20. The record further indicates that Gangadeen is said to have died sometime in between 1343-1344 Fasli. This would indicate that the said period would refer to around 1336-37 Gregarian Calender. At the said point of time, it was the Oudh Rent Act, 1886 which was in operation.
21. Another fact which needs to be noticed is that the evidence indicated that the respondent no. 1 had left the village which is also quite evident from the statements which were given by the respective witnesses and as noticed in detail by the DDC in its order dated 16.1.1982 which clearly indicated that the respondent no. 2 was not residing in the village Dadera.

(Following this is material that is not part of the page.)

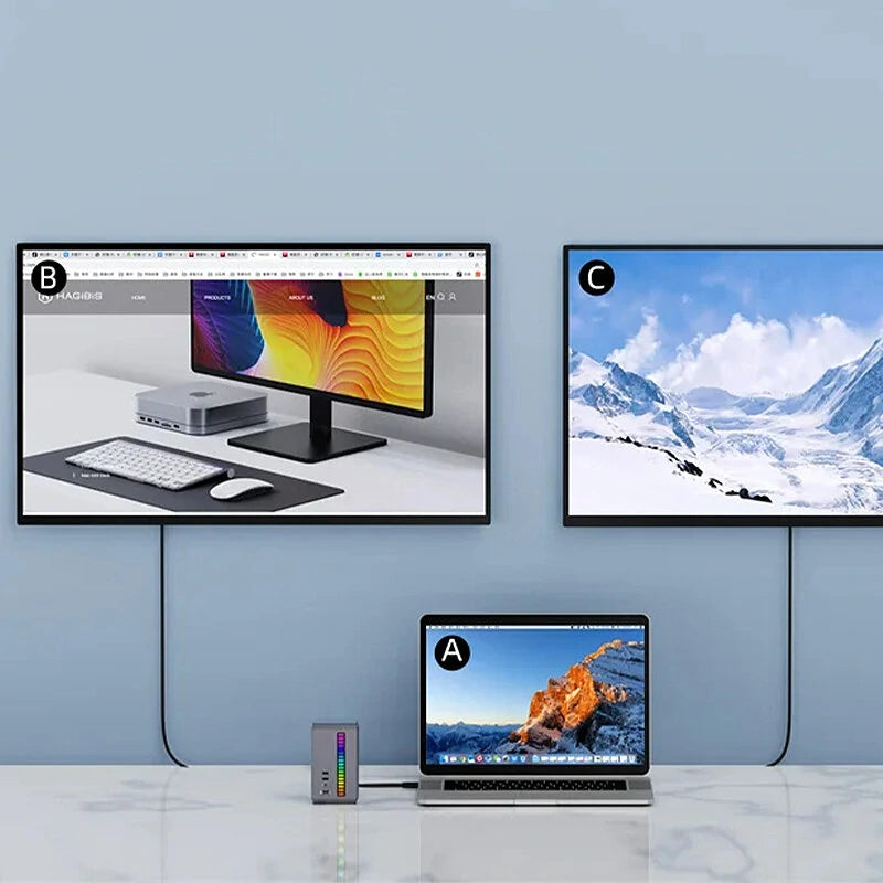 3. 4K@60Hz Multi-Screen Entension: External 2 monitors at the same time, support Mirror Mode and Extended Mode. USB-C(A) is the main dock interface, can control all the interfaces except the right HD. USB-C(B) can only control the right HD interfce. *Tip: Apple M1 chip does not support Multi-Screen, can only expand to one external screen, but M1 Pro and M1 Max chips are not limited.

22. The respondent no. 1 could not point out any evidence which indicated that he had been in possession of properties of the disputed Khata No. 104 of Village Dadera.
23. Thus, taking the aforesaid facts as emerging from the record, it would reveal that in the year 1936-37 when Sri Gangadeen is said to have expired then in terms of the Oudh Rent Act, 1886, the right of the heirs of a tenant has been provided and Section 48 of the Oudh Rent Act, 1886 which only entitled the heirs to retain the possession at the rent payable by the deceased tenant for a period of five years from the date of tenants death.

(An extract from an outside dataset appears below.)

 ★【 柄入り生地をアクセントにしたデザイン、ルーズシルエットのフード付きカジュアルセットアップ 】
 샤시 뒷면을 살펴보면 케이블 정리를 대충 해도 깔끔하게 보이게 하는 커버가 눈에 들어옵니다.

24. There is a proviso appended thereto which only permits the said heirs of the deceased tenant to be entitled to retain occupation of the holding on the rent payable by the deceased for the unexpired portion of the statutory period of the deceased tenant subject to Clause (e) of Sub Section (1) of Section 62-A.

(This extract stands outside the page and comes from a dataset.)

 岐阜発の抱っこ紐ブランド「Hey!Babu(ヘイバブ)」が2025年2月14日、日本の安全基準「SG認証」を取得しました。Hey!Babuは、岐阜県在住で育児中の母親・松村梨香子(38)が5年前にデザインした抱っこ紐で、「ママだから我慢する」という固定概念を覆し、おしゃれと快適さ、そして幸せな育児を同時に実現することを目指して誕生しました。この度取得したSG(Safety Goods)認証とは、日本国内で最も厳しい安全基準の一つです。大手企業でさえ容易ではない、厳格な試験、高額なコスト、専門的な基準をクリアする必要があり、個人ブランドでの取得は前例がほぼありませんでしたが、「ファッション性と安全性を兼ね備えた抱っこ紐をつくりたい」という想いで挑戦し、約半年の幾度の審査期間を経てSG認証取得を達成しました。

25. From the perusal of the Section 62-A(1) (e) read with Section 48 of the Oudh Rent Act, 1886, it would reveal that the right to occupy the tenancy for a period of five years would be available only to heirs of the deceased tenant.
26. Admittedly, after the death of Gangadeen, if at all, any right accrued, the same was only for a period of five years which expired sometime in the year 1941-42. There is nothing on record to indicate that any point of time, the name of the respondent was recorded. After the period as mentioned in Section 48 of the Oudh Rent Act expired, if at all, the persons who remained in possession would amount to a new settlement made in their favour by the Zamindar concerned. Since there is no material on record to indicate that the respondent no. 1 was ever recorded or that there was any settlement in his favour also simultaneously noticing the fact that the respondent no. 1 has acquired his property in a different village and was residing with his in-laws and the entries continued to remain recorded in the name of the petitioners on the date of vesting as well as at the time when the consolidation operation commenced, hence, it cannot be said that the respondent no. 1 would have a right.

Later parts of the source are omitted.